Hi could anyone help me on extracting image content of PDf for RAG? I tried ImageVisionLLMReader but couldn't find proper file_extractor format for it. Any suggestion will be helpful. Since, there are enterprise data, I am supposed to use open weights models @everyone
Isn't this a paid service? I can't use paid service as those data can't be sent to another cloud. I want something with open source models and services.
Thank you for your response. I can host Vision LLM (open source) but I am not able which Module of llamaindex supports that. I am following this https://llamahub.ai/l/readers/llama-index-readers-file?from= but couldn't get file extractor for ImageVisionLLMReader. Could you please help me on it?
Also in your case if you are using ImageVisionLLMReader then it returns list of Document object that you can pass to create index. No need to pass it anywhere else
Yeah I got your point, but I couldn't find any already present module which extracts the information of the graph or images present in the documents, Is there any way to do it?

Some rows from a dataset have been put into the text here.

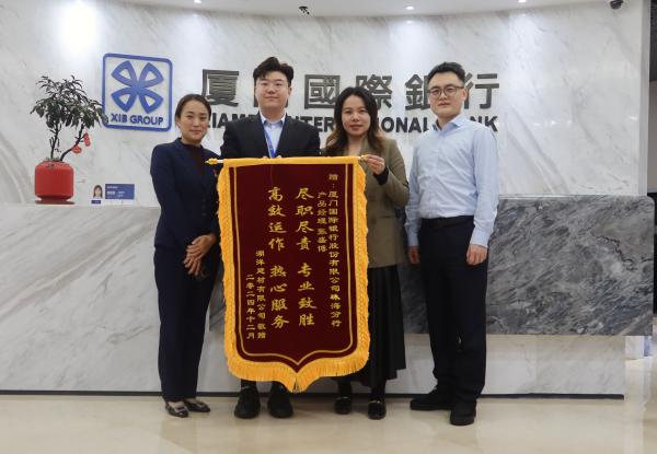 近日,厦门国际银行珠海分行收到由某国企供应商H建材有限公司送来的一面“尽职尽责 专业致胜 高效运作 热心服务”的锦旗。这不仅是对厦门国际银行珠海分行积极践行数字金融的认可,也是银企合作共赢的有力见证。
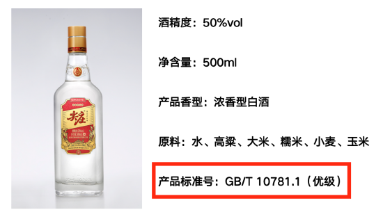 白酒的產品標準可分為國家標準、行業標準、地方標準或者是經過備案的企業標準的編號,由標準代號、標準發布的順序號和標準發布的年號組成。其中,強制性國家標準(GB)和推薦性國家標準(GB/T)可信度最高。
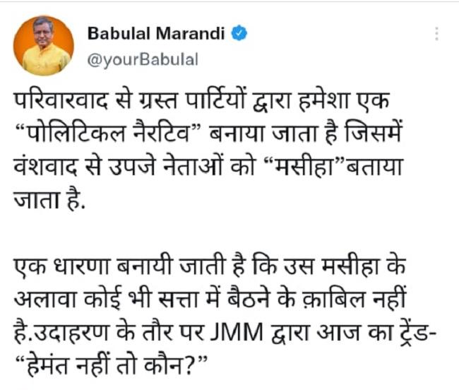 बीजेपी नेता बाबूलाल मरांडी ने ट्वीट कर कहा है कि परिवारवाद से ग्रस्त पार्टियां हमेशा एक पॉलिटिकल नैरेटिव सेट करने की कोशिश करती हैं. वंशवाद से उपजे नेताओं को मसीहा बताया जाता है. उन्होंने आगे कहा कि एक धारणा ये भी बनाई जाती है कि उस मसीहा के अलावा कोई भी सत्ता में बैठने के काबिल नहीं है. बाबूलाल मरांडी ने 'हेमंत नहीं तो कौन?' को इसी का उदाहरण बताया.
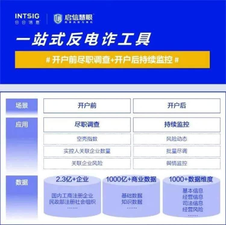 为帮助金融机构充分运用数字化手段提升反制能力,近日,静安科企合合信息公司旗下启信宝企业端产品“启信慧眼”基于人工智能及商业大数据技术,推出一站式反电诈工具,助力金融机构打赢面向不法分子的“科技战”。
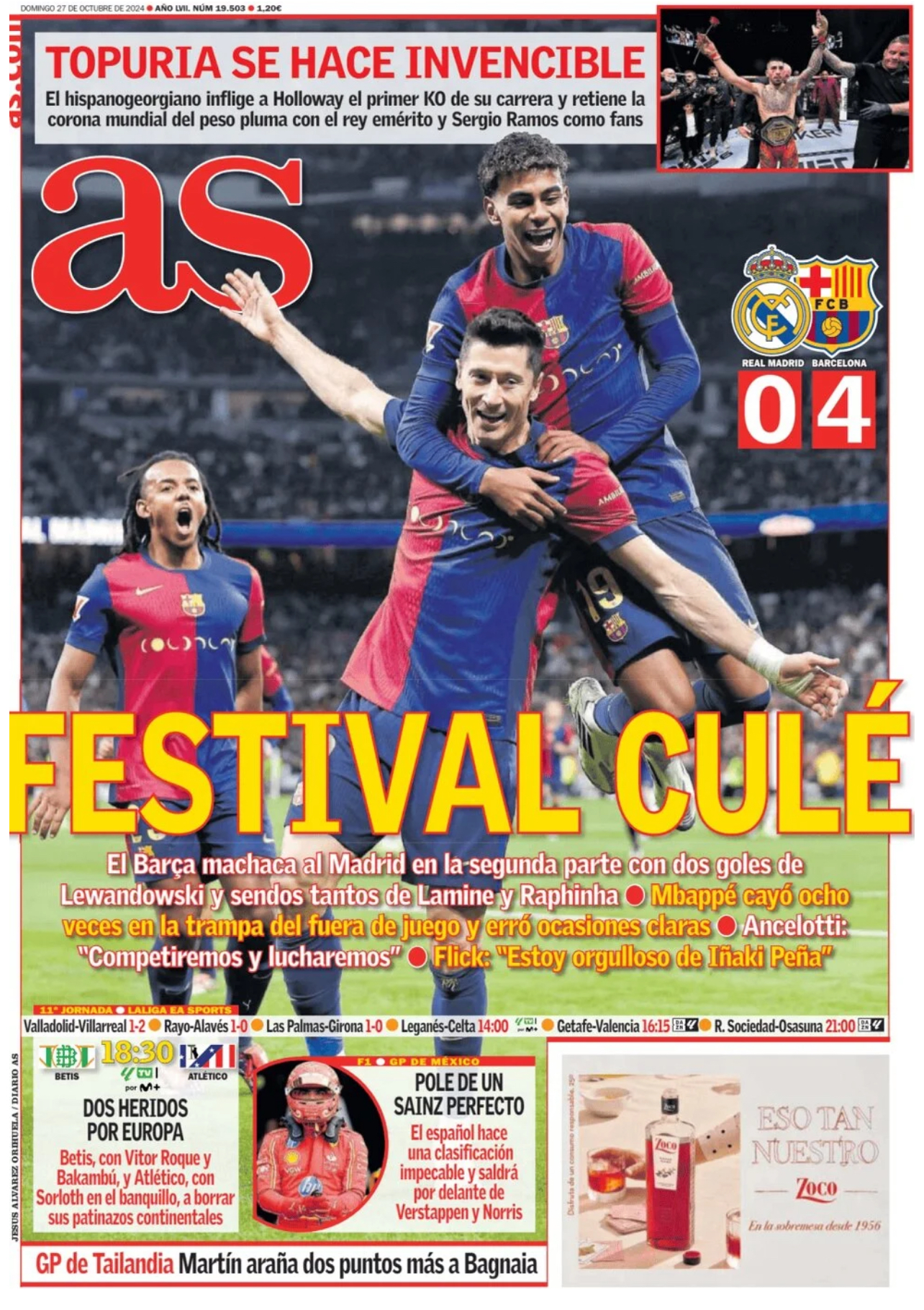 As apunta que "el Barça machaca al Madrid en la segunda parte con dos goles de Lewandowski y sendos tantos de Lamine y Raphinha. Mbappé cayó ocho veces en la trampa del fuera de juego y erró ocasiones claras".
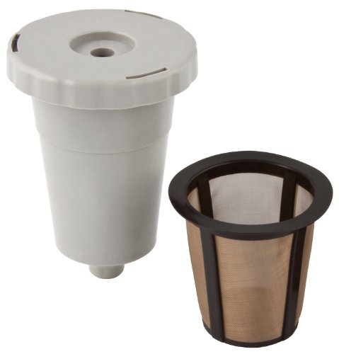 The Gold Tone 1-Kup Reusable Coffee Filter Starter Pack is convenient to use. It conserves natural resources and protects the environment while making a richer and more flavorful cup of coffee using your coffee of choice. Made of stainless steel, golden mesh, it saves up to 90% over K-Cups. It fits Keurig, Cuisinart, Mr. Coffee, and Breville Single Coffee Brewers and is easy to clean and dishwasher safe.
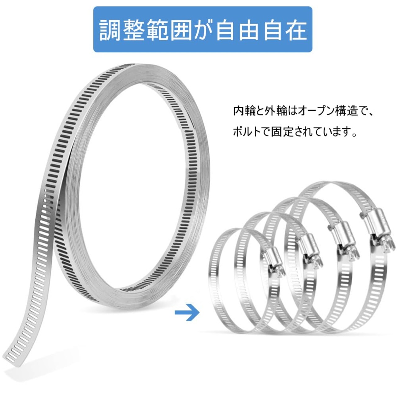 【適用範囲】ホース、パイプ、ケーブル、チューブ、自動車、工業用、ボートなどの固定に適用できます。
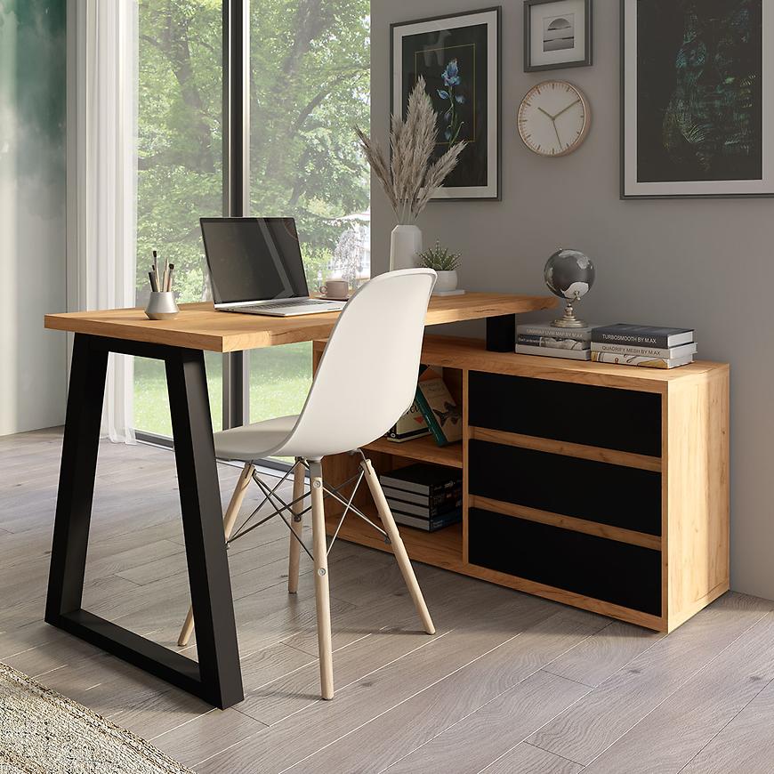 Zestaw Iga II w kolorze dąb craft/czarny to idealne rozwiązanie dla osób poszukujących funkcjonalnego biurka o nowoczesnym designie. Ten zestaw łączy w sobie eleganckie wykończenie i praktyczność.
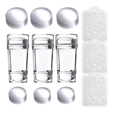 NBHS 12-Piece Nail Stamper Kit – Clear Silicone Stampers with Scrapers
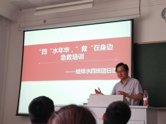 为更好的培育和践行社会主义核心价值观,同时积极响应2017年江苏省卫生计生委重点工作目标要求,提升大学生应急素养和急救互救能力,培养出更多具备较高综合素质的青年志愿者,2014级给排水四班团支部于2017年6月2日开展了以“四”水年华,“救”在身边为主题的团日活动。为此,特地邀请了开云电竞网校医院副院长马红兵前来详细讲解各项急救知识,同时还邀请前开云电竞网红十字会成员陈立豪进行实际操作演练。
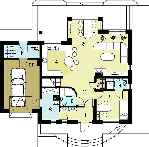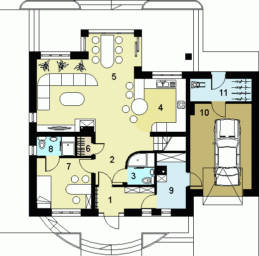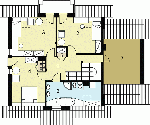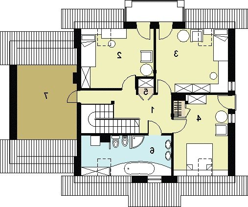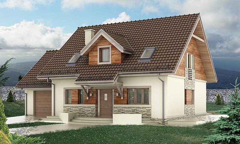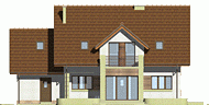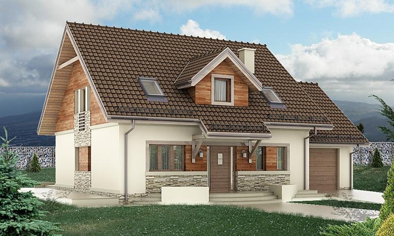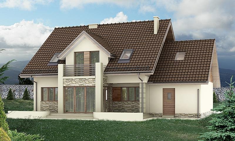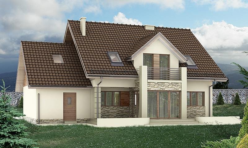 oraz strefę nocną (poddasze), w której znajdują się trzy sypialnie, garderoba, łazienka i pralnia oraz strych(lub pokój).
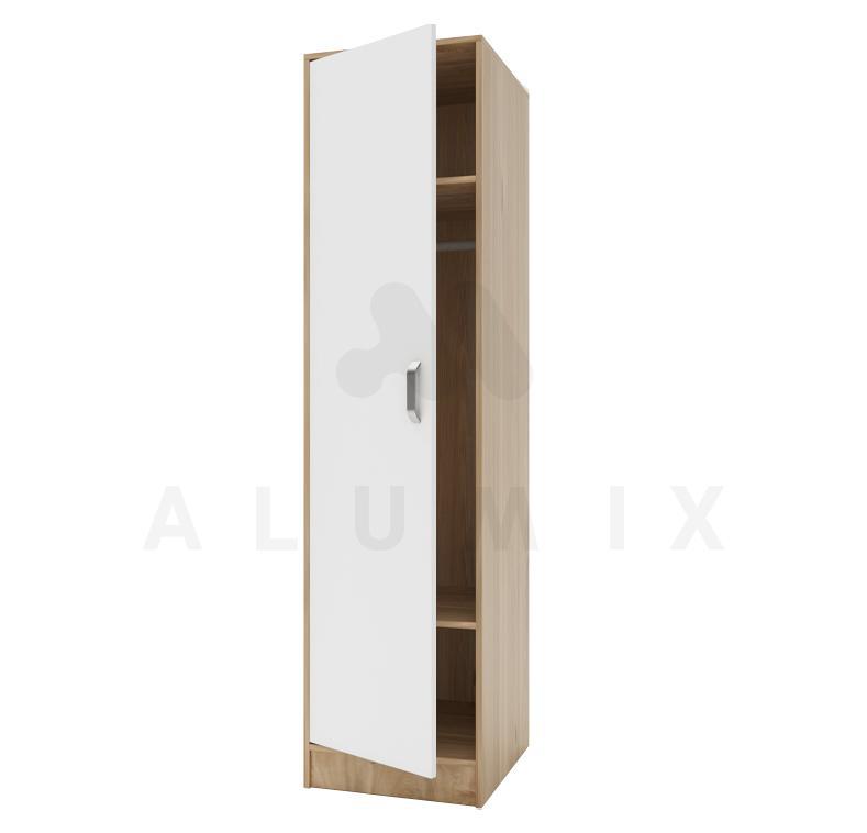 Корпус и фасады одностворчатого шкафа выполнены из ламинированного влагостойкого ДСП, хорошо переносящего обработку дезинфекционными средствами. Корпус обеспечивает надежную и длительную эксплуатацию мебели. Кромка из поливинилхлорида имеет толщину 2 миллиметра. Шкаф укомплектован 2 полками для удобного хранения головных уборов, зонтов, сумок и обуви и штангой для аккуратного развешивания одежды на плечиках. По желанию клиента возможна доукомплектация замком с набором ключей.
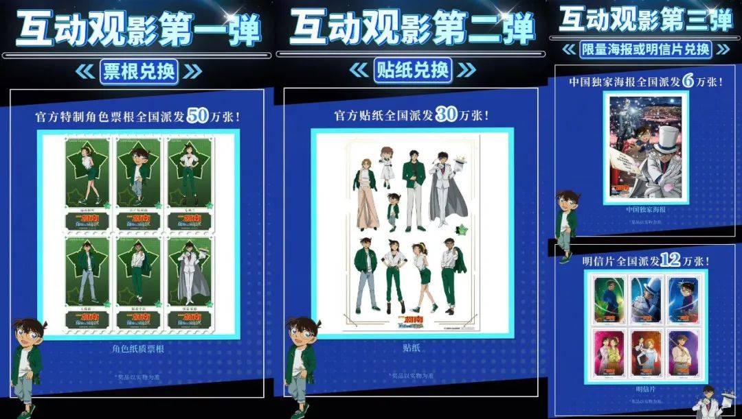 今年以来,观影特典逐渐成为日本动画电影的固定配套宣发。今年的《百万美元的五棱星》也加入这一阵营,实体票纸、贴纸、海报……从上映首周到上映第三周,丰富的实体特典分阶段覆盖至了全国11000家影城。

you might want to look at ColPali for image content search (index your img/pdf library for search) or for per image captioning &/or OCR there is the new MiniCPM-V-2.6 both are small enough to host and open license ( and you can include both in LlamaIndex pipelines)
Actually what am I looking for is something that append caption of image at the end of page content, just like pdf_partition adds OCR to the image to the end of page. I can use BLIP2 for captioning. Just wondering if Llamaindex has something for this.